How tool calls are resolved¶

ToolTrajectory needs both the expected tool calls (from expectations["expected_tool_calls"]) and the actual tool calls the agent made. It resolves the actual calls in this order:

expectations["actual_tool_calls"] when present. Useful for offline evaluation where you've captured tool calls as data.
TOOL spans on the MLflow trace. When no explicit override is provided, the scorer walks the trace and reads tool calls from spans tagged as TOOL. This is the path for live evaluations that pass a trace directly or use mlflow.genai.evaluate(predict_fn=...).
Empty list. If neither is available, the scorer compares the expected list against an empty actual list, which results in a 0.0 score for non-empty expectations.

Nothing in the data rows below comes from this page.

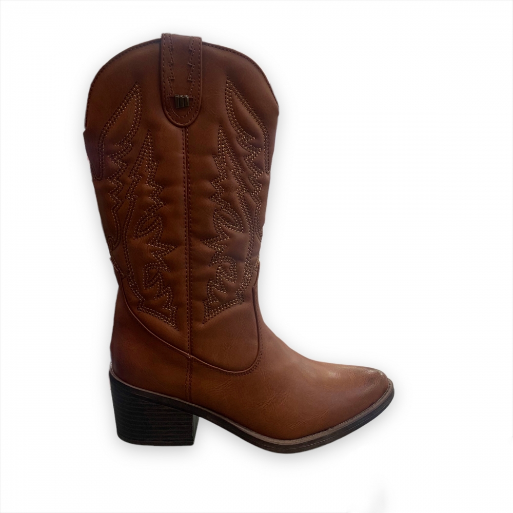 Bota Tanubis de estilo cowboy Mustang de color cuero con diseño de bordados en la caña con tacón de 5 centímetros. Tiene puntera en punta fina levantada para mejorar la pisada. Ideales para combinar con tus looks más boho.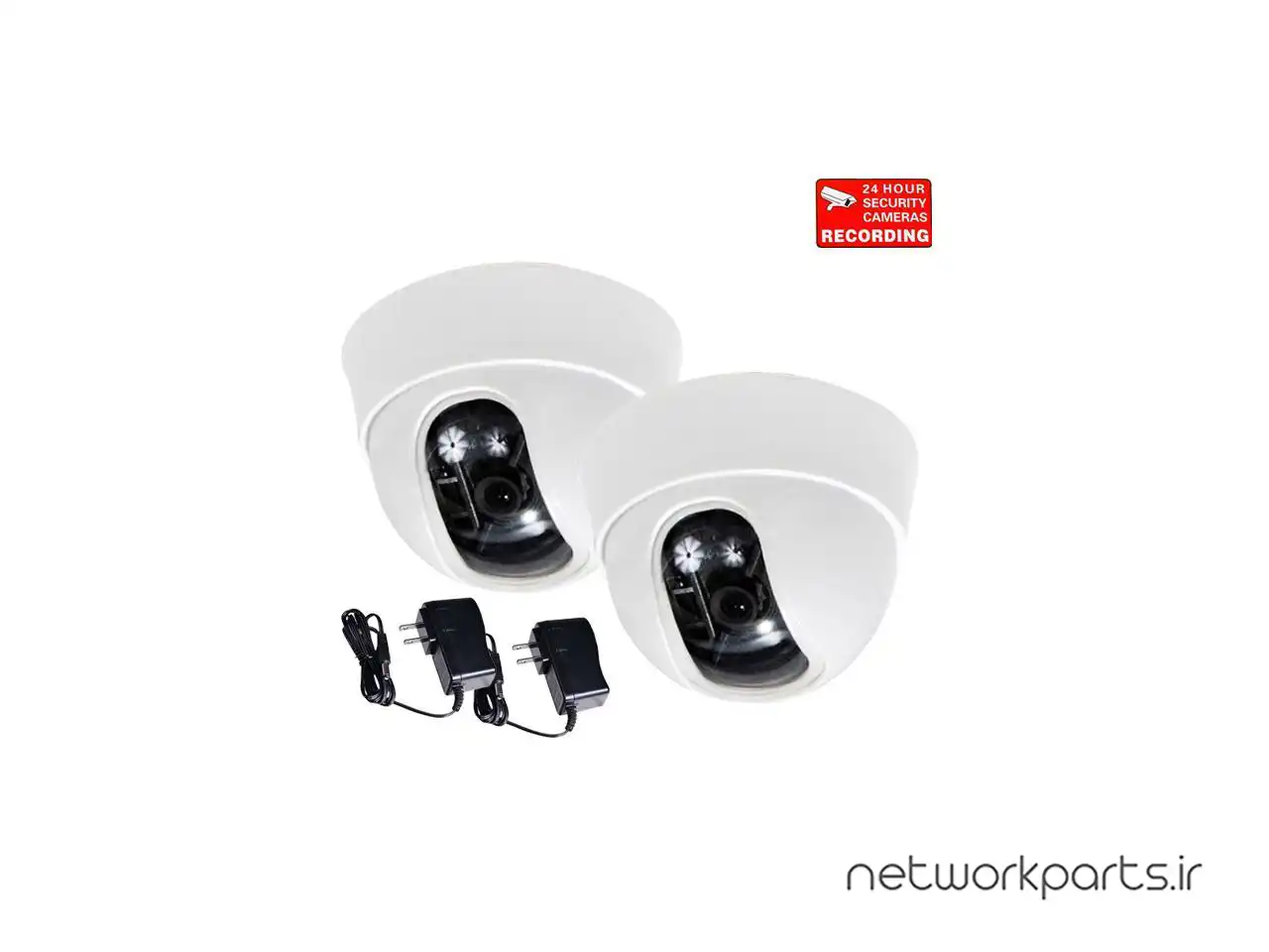 محتویات بسته بندی2x Dome Camera, 2x Power Supply and Free Warning Sticker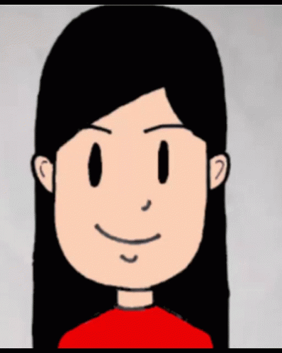 Animated girl with black hair and red shirt, eyes and mouth moving.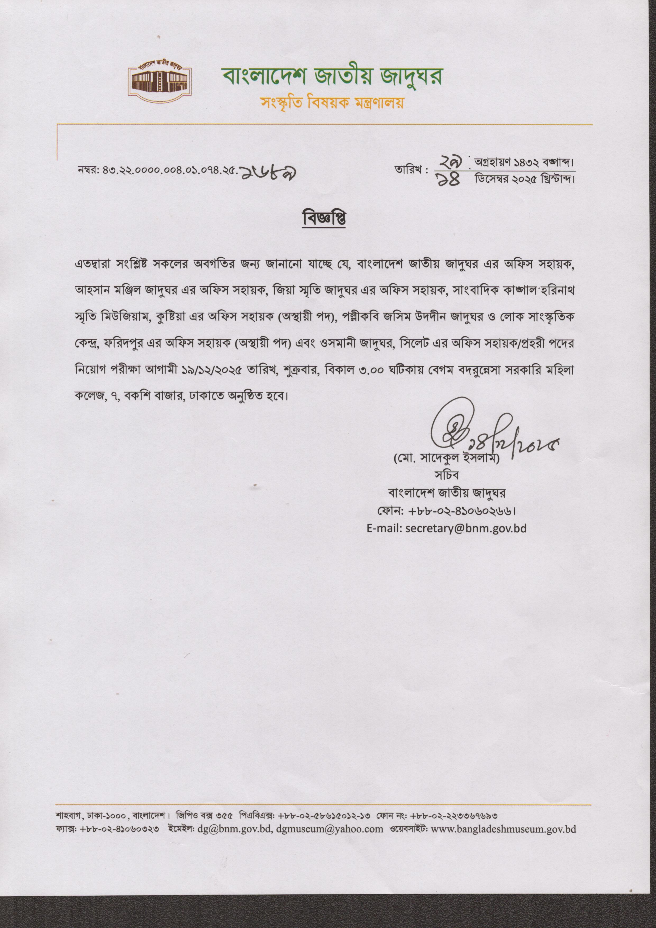 বাংলাদেশ জাতীয় জাদুঘরের আওতাধীন অফিস সহায়ক, আহসান মঞ্জিল জাদুঘরের অফিস সহায়ক, জিয়া স্মৃতি জাদুঘরের অফিস সহায়ক, সাংবাদিক কাঙ্গাল হরিনাথ স্মৃতি মিউজিয়াম, কুষ্টিয়ার অফিস সহায়ক (অস্থায়ী পদ), পল্লীকবি জসিম উদ্দীন জাদুঘর ও লোক সাংস্কৃতিক কেন্দ্র, ফরিদপুরের অফিস সহায়ক (অস্থায়ী পদ) এবং ওসমানী জাদুঘর, সিলেটের অফিস সহায়ক/প্রহরী পদের নিয়োগ পরীক্ষা সম্পর্কিত জরুরি বিজ্ঞপ্তি প্রকাশিত হয়েছে।

Pair this with the MLflow Tracing integration for a fully online setup: ADK emits OTel spans during agent execution, MLflow ingests them, and the scorers read tool calls back out of the trace without any explicit data plumbing.

LLM-judge configuration¶

ResponseEvaluation and Hallucination take a Gemini model ID, a pass/fail threshold, and a sample count for majority voting:

from mlflow.genai.scorers.google_adk import Hallucination, ResponseEvaluation

response_eval = ResponseEvaluation(
    model="gemini-2.5-flash",
    threshold=0.5,
    num_samples=5,
)

hallucination = Hallucination(model="gemini-2.5-flash", threshold=0.5)

The model must be a name that ADK's LlmRegistry can resolve, such as gemini-2.5-flash or gemini-2.5-pro. MLflow model URIs like databricks or openai:/gpt-4o aren't supported here because ADK's evaluators wire directly into Google's model registry.

Safety runs through Vertex AI's managed SAFETY metric. It requires GOOGLE_CLOUD_PROJECT, GOOGLE_CLOUD_LOCATION, and gcloud auth application-default login (or a service account):

from mlflow.genai.scorers.google_adk import Safety

safety = Safety(threshold=0.5)

When auth is missing, the LLM-judge scorers return a Feedback with an error field rather than raising. Evaluation runs continue and surface the misconfiguration per sample.